Galaxy shear

This example simulates a galaxy catalogue with shears affected by weak lensing, combining the Galaxy distribution and Weak lensing examples with generators for the intrinsic galaxy ellipticity and the resulting shear.

Setup

The setup of galaxies and weak lensing fields is the same as in the basic examples. We reuse the precomputed angular matter power spectra from the Matter shell definition example, and we set up the same CAMB cosmology to obtain the cosmo object.

import numpy as np
import healpy as hp
import matplotlib.pyplot as plt

# use the CAMB cosmology that generated the matter power spectra
import camb
from cosmology import Cosmology

# GLASS modules: cosmology and everything in the glass namespace
import glass.shells
import glass.fields
import glass.points
import glass.shapes
import glass.lensing
import glass.galaxies
from glass.core.constants import ARCMIN2_SPHERE


# cosmology for the simulation
h = 0.7
Oc = 0.25
Ob = 0.05

# basic parameters of the simulation
nside = lmax = 256

# set up CAMB parameters for matter angular power spectrum
pars = camb.set_params(H0=100*h, omch2=Oc*h**2, ombh2=Ob*h**2,
                       NonLinear=camb.model.NonLinear_both)

# get the cosmology from CAMB
cosmo = Cosmology.from_camb(pars)

# shells of 200 Mpc in comoving distance spacing
zb = glass.shells.distance_grid(cosmo, 0., 1., dx=200.)

# tophat window function for shells
ws = glass.shells.tophat_windows(zb)

# load the angular matter power spectra previously computed with CAMB
cls = np.load('../basic/cls.npy')

Matter

# compute Gaussian cls for lognormal fields for 3 correlated shells
# putting nside here means that the HEALPix pixel window function is applied
gls = glass.fields.lognormal_gls(cls, nside=nside, lmax=lmax, ncorr=3)

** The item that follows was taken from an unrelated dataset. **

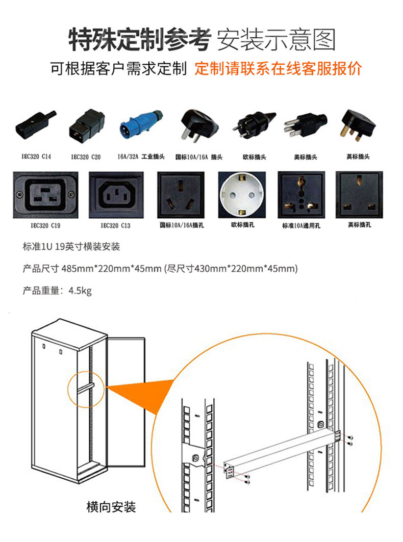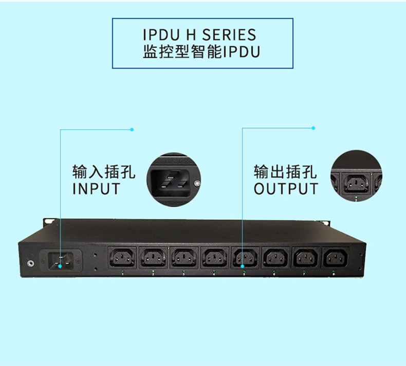 智能PDU插座8位10A 分路开关控制 热拔插指示灯19英寸485协议

# generator for lognormal matter fields
matter = glass.fields.generate_lognormal(gls, nside, ncorr=3)

Lensing

# this will compute the convergence field iteratively
convergence = glass.lensing.MultiPlaneConvergence(cosmo)

Galaxy

# standard deviation in each component of galaxy ellipticity
# this is very small so that the galaxy density can be small, too
sigma_e = 0.01

# galaxy number density per arcmin2, over all shells
n_arcmin2 = 0.01

# localised redshift distribution with the given density
z = np.arange(0., 2., 0.01)
dndz = np.exp(-(z - 0.5)**2/(0.1)**2)
dndz *= n_arcmin2/np.trapz(dndz, z)

Simulation

Simulate the galaxies with shears. In each iteration, get the shears and map them to a HEALPix map for later analysis.

In addition, generate the galaxy ellipticities, drawn from the intrinsic normal distribution. The standard deviation is much too small to be realistic, but enables the example to get away with fewer total galaxies.

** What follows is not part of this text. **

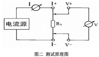 ? 由電流源經(jīng)“I+、I-兩端口(也稱(chēng) I 型口),供給被測電阻 Rx 電流,電流的大小有電流表 I 讀出,Rx 兩端的電壓降“V+、V-”兩端口(也稱(chēng) V 型口)取出,由電壓表 V 讀出。通過(guò)對 I、V 的測量,就可以算出被測電阻的阻值。

Finally, apply the reduced shear from the lensing maps to the galaxy ellipticities, producing the galaxy shears.

# number of HEALPix pixels in the maps
npix = 12*nside**2

# map for galaxy numbers
num = np.zeros(npix)

# map for sum of shears
she = np.zeros(npix, dtype=complex)

# simulate the matter fields in the main loop
for i, delta_i in enumerate(matter):

    # compute the lensing maps for this shell
    convergence.add_window(delta_i, ws[i])
    kappa_i = convergence.kappa
    gamm1_i, gamm2_i = glass.lensing.shear_from_convergence(kappa_i)

    # true galaxy redshift distribution in this shell
    z_i, dndz_i = glass.shells.restrict(z, dndz, ws[i])

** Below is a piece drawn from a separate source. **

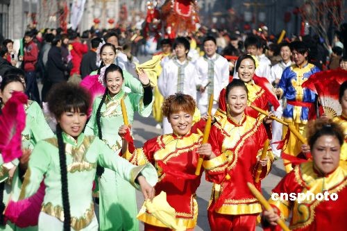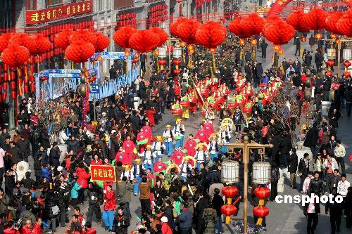 2月9日上午,來(lái)自北京、河北、山東等3個(gè)省市的12支花會(huì)隊(duì),在前門大街舉行“傳統(tǒng)民間花會(huì)踩街”活動(dòng),喜迎正月十五元宵節(jié)的到來(lái)。踩街是一種中國(guó)傳統(tǒng)民間民俗藝術(shù)表演形式,類似國(guó)外的花車游行,表演隊(duì)伍邊行進(jìn)邊表演,游客沿途觀看;〞(huì)隊(duì)從正陽(yáng)門箭樓南側(cè)和前門五牌樓出發(fā),16只南獅和北獅為大隊(duì)人馬開道,隨后中幡、旱船、二魁摔跤、地秧歌、鼓子秧歌等將依次向珠市口行進(jìn)。

    # galaxy density in this shell
    ngal = np.trapz(dndz_i, z_i)

    # generate galaxy positions uniformly over the sphere
    for gal_lon, gal_lat, gal_count in glass.points.uniform_positions(ngal):

        # generate galaxy ellipticities from the chosen distribution
        gal_eps = glass.shapes.ellipticity_intnorm(gal_count, sigma_e)

        # apply the shear fields to the ellipticities
        gal_she = glass.galaxies.galaxy_shear(gal_lon, gal_lat, gal_eps,
                                            kappa_i, gamm1_i, gamm2_i)

        # map the galaxy shears to a HEALPix map; this is opaque but works
        gal_pix = hp.ang2pix(nside, gal_lon, gal_lat, lonlat=True)
        s = np.argsort(gal_pix)
        pix, start, count = np.unique(gal_pix[s], return_index=True, return_counts=True)
        num[pix] += count
        she[pix] += list(map(np.sum, np.split(gal_she[s], start[1:])))

Analysis

Compute the angular power spectrum of the observed galaxy shears. To compare with the expectation, take into account the expected noise level due to shape noise, and the expected mixing matrix for a uniform distribution of points.

# compute the expected number of galaxies in each pixel
nbar = ARCMIN2_SPHERE/npix*n_arcmin2

# normalise the maps by the expected number of galaxies in each pixel
she /= nbar
num /= nbar

# get the angular power spectra from the galaxy shears
cls = hp.anafast([num, she.real, she.imag], pol=True, lmax=lmax, use_pixel_weights=True)

# get the theory cls from CAMB
pars.NonLinear = 'NonLinear_both'
pars.Want_CMB = False
pars.min_l = 1
pars.set_for_lmax(lmax)
pars.SourceWindows = [camb.sources.SplinedSourceWindow(z=z, W=dndz, source_type='lensing')]
theory_cls = camb.get_results(pars).get_source_cls_dict(lmax=lmax, raw_cl=True)

# factor transforming convergence to shear
l = np.arange(lmax+1)
fl = (l+2)*(l+1)*l*(l-1)/np.clip(l**2*(l+1)**2, 1, None)

# the noise level from discrete observations with shape noise
nl = 4*np.pi/(nbar*npix)*sigma_e**2 * (l >= 2)

# mixing matrix for uniform distribution of points
mm = (1 - 1/(nbar*npix))*np.eye(lmax+1, lmax+1) + (l+1/2)/(nbar*npix)
mm[:2, :] = mm[:, :2] = 0

# the shear pixel window function for HEALPix
_, pw = hp.pixwin(nside, lmax=lmax, pol=True)

# plot the realised and expected cls
plt.plot(l, cls[1] - nl, '-k', lw=2, label='simulation')
plt.plot(l, pw**2 * mm@(fl*theory_cls['W1xW1']), '-r', lw=2, label='expectation')
plt.xscale('symlog', linthresh=10, linscale=0.5, subs=[2, 3, 4, 5, 6, 7, 8, 9])
plt.yscale('symlog', linthresh=1e-9, linscale=0.5, subs=[2, 3, 4, 5, 6, 7, 8, 9])
plt.xlabel('angular mode number $l$')
plt.ylabel('angular power spectrum $C_l^{EE}$')
plt.legend(frameon=False)
plt.tight_layout()
plt.show()